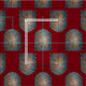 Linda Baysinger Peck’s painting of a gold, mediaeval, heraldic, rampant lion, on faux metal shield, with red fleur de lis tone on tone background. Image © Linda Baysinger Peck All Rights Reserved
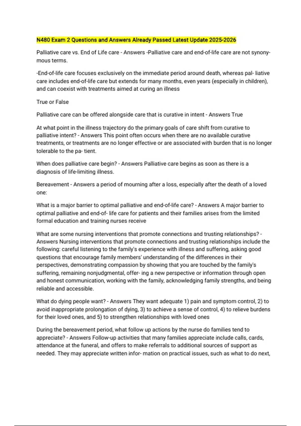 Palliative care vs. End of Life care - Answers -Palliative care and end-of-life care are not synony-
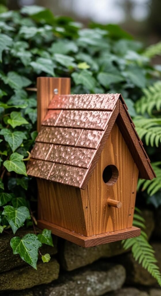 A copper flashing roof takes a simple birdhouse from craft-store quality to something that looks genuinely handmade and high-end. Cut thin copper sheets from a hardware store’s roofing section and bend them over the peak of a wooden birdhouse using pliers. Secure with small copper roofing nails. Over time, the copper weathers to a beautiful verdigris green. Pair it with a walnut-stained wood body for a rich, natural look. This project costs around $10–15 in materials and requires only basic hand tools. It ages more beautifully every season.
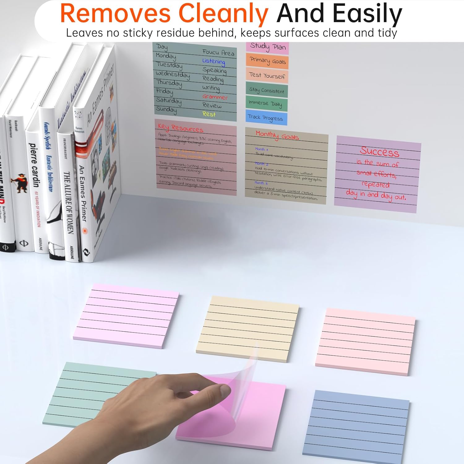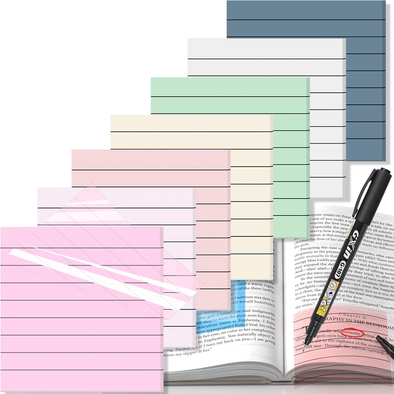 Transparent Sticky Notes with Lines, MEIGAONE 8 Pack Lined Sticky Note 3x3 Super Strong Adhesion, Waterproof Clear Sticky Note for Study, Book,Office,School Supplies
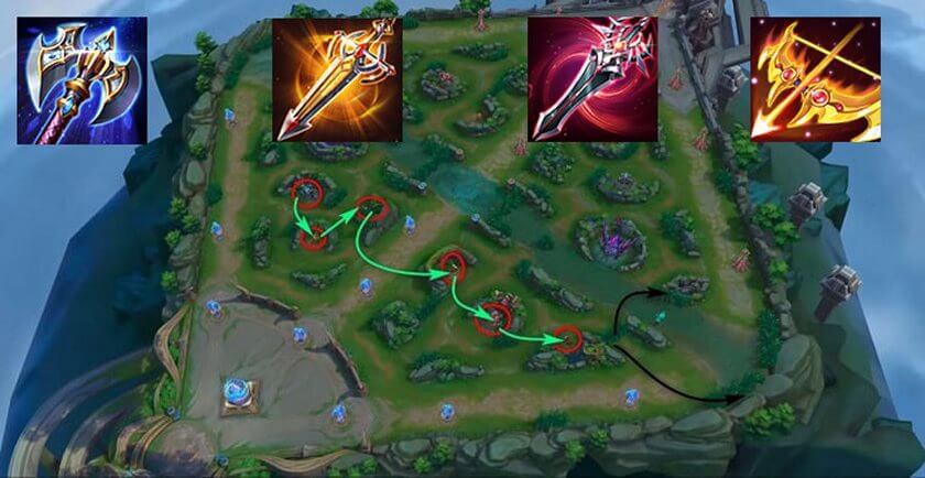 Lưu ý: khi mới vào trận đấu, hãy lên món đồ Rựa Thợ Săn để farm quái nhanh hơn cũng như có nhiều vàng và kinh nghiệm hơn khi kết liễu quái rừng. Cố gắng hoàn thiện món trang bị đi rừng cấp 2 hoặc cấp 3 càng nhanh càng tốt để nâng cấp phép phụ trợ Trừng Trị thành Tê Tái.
··········
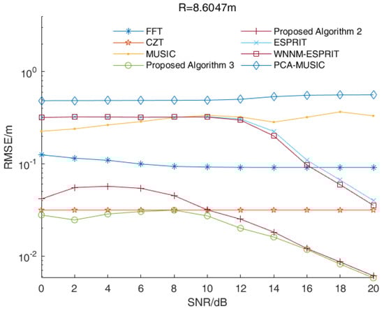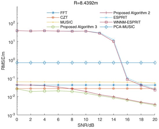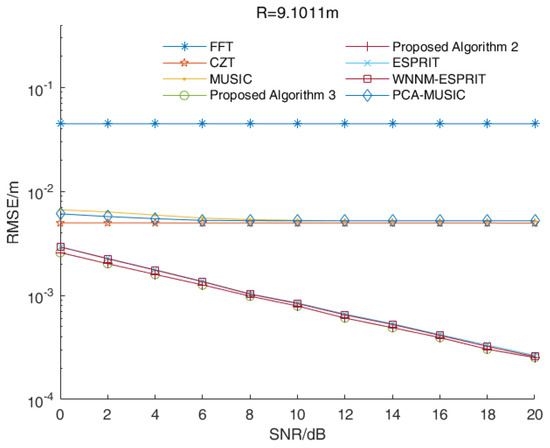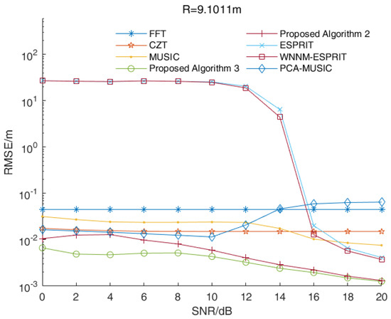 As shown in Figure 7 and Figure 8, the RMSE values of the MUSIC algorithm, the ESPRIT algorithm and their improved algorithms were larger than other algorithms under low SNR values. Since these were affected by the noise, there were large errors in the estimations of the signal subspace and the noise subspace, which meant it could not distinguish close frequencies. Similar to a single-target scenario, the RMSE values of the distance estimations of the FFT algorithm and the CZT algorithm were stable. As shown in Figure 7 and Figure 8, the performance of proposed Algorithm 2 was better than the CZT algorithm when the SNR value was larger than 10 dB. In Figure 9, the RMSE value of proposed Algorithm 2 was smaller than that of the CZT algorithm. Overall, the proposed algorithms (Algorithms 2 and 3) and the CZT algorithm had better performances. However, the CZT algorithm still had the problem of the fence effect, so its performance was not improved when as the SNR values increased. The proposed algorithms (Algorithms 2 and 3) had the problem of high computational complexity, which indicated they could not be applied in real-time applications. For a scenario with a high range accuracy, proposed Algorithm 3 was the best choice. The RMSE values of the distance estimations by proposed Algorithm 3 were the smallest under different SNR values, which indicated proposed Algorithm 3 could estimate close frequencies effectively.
··········
What you need to do
Above are some records. Reproduce the lines from the one with "Linda Baysinger Peck’s" down to the one with "Transparent Sticky Notes", keeping both, and leave every picture out.

Expected answer
 Linda Baysinger Peck’s painting of a gold, mediaeval, heraldic, rampant lion, on faux metal shield, with red fleur de lis tone on tone background. Image © Linda Baysinger Peck All Rights Reserved
 Palliative care vs. End of Life care - Answers -Palliative care and end-of-life care are not synony-
 A copper flashing roof takes a simple birdhouse from craft-store quality to something that looks genuinely handmade and high-end. Cut thin copper sheets from a hardware store’s roofing section and bend them over the peak of a wooden birdhouse using pliers. Secure with small copper roofing nails. Over time, the copper weathers to a beautiful verdigris green. Pair it with a walnut-stained wood body for a rich, natural look. This project costs around $10–15 in materials and requires only basic hand tools. It ages more beautifully every season.
 Transparent Sticky Notes with Lines, MEIGAONE 8 Pack Lined Sticky Note 3x3 Super Strong Adhesion, Waterproof Clear Sticky Note for Study, Book,Office,School Supplies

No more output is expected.